Why the Public Schools?

Laurent Lafforgue:

Since my forced resignation from the High Council of Education, I have received hundreds of testimonials from teachers, parents, students and plain citizens of all social groups. Among these messages I have been particularly struck by those parents who have written me, in substance, “We have been so deceived, and we are so appalled, by what has become of the schools that we have decided to remove our children from there, and to teach them ourselves.” Or, “We have joined with other parents and are pooling our talents to form our own classes for our children”. Or, again, “Despite the financial sacrifice it represents, we have placed our children into private schools.” And finally, those most numerous messages which say: “Our children go to school, yes, but every evening we put them to work using old textbooks, and do what we can to give them the kind of rigorous instruction that is no longer given in their classes. But what a labor for them, and what a responsibility for us!”
That parents should go so far as to remove their children from school, to teach them themselves, at home, or to form parallel classes for them in which they, themselves, are the teachers, to prefer a school to which they must pay the fee to the free public school, or to impose on their children and themselves the burden of a night school added to the day school they consider to be nothing but a holding pen, all this became and remains for me a theme of profound dismay. And I notice as well that these are surely the parents who enjoy a high level of education and – for those who can pay the fees of a private school – of income. And then I think of the other children, who do not have the benefits of having been born into families similarly favored.

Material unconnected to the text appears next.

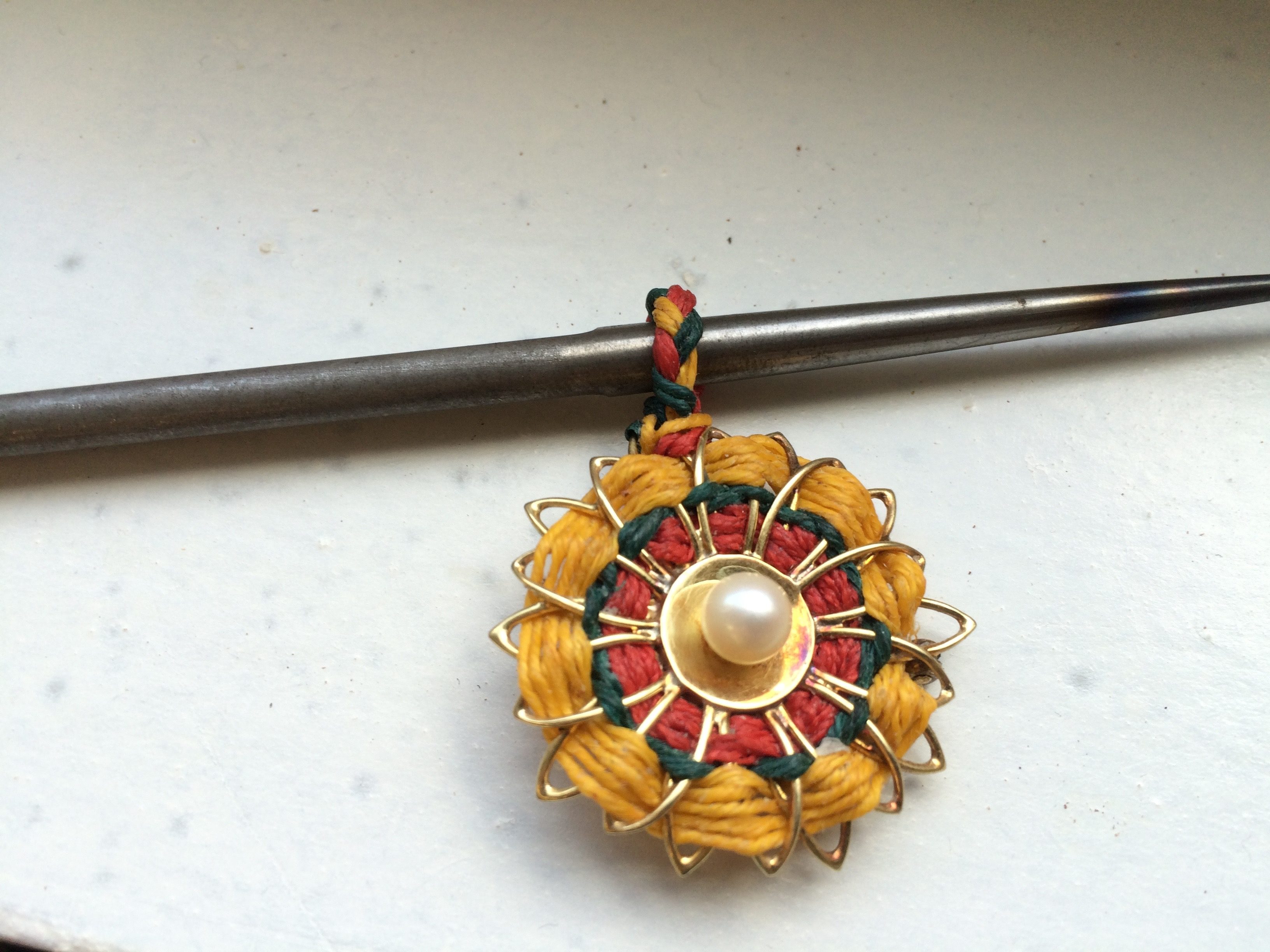 een jaren vijftig gouden broche omgetoverd tot kleurige hanger

Students, all the students, are the primary victims of the destruction of the school. This destruction has resulted from educational policies of all the governments of the last few decades. It is not the teachers who are responsible for it, for they are victims themselves: firstly in that they have been prevented from teaching correctly, by the publication of national curricula which are increasingly disorganized, incoherent and emptied of content; then because the knowledge gaps accumulated by their students over the course of years have made the conditions of teaching ever more difficult, and have exposed them to incidents of increasing incivility and violence on the part of adolescents who have never been taught either the elementary understandings, the habits of work, or the self-control which are indispensable to the progress of their studies; and finally because the younger generation of teachers has suffered from an already degraded educational program, so that their own understanding is less certain than that of their elders, and, with the exception of some well tempered characters, has been disoriented by the absurd training so prodigally distributed by the teachers colleges.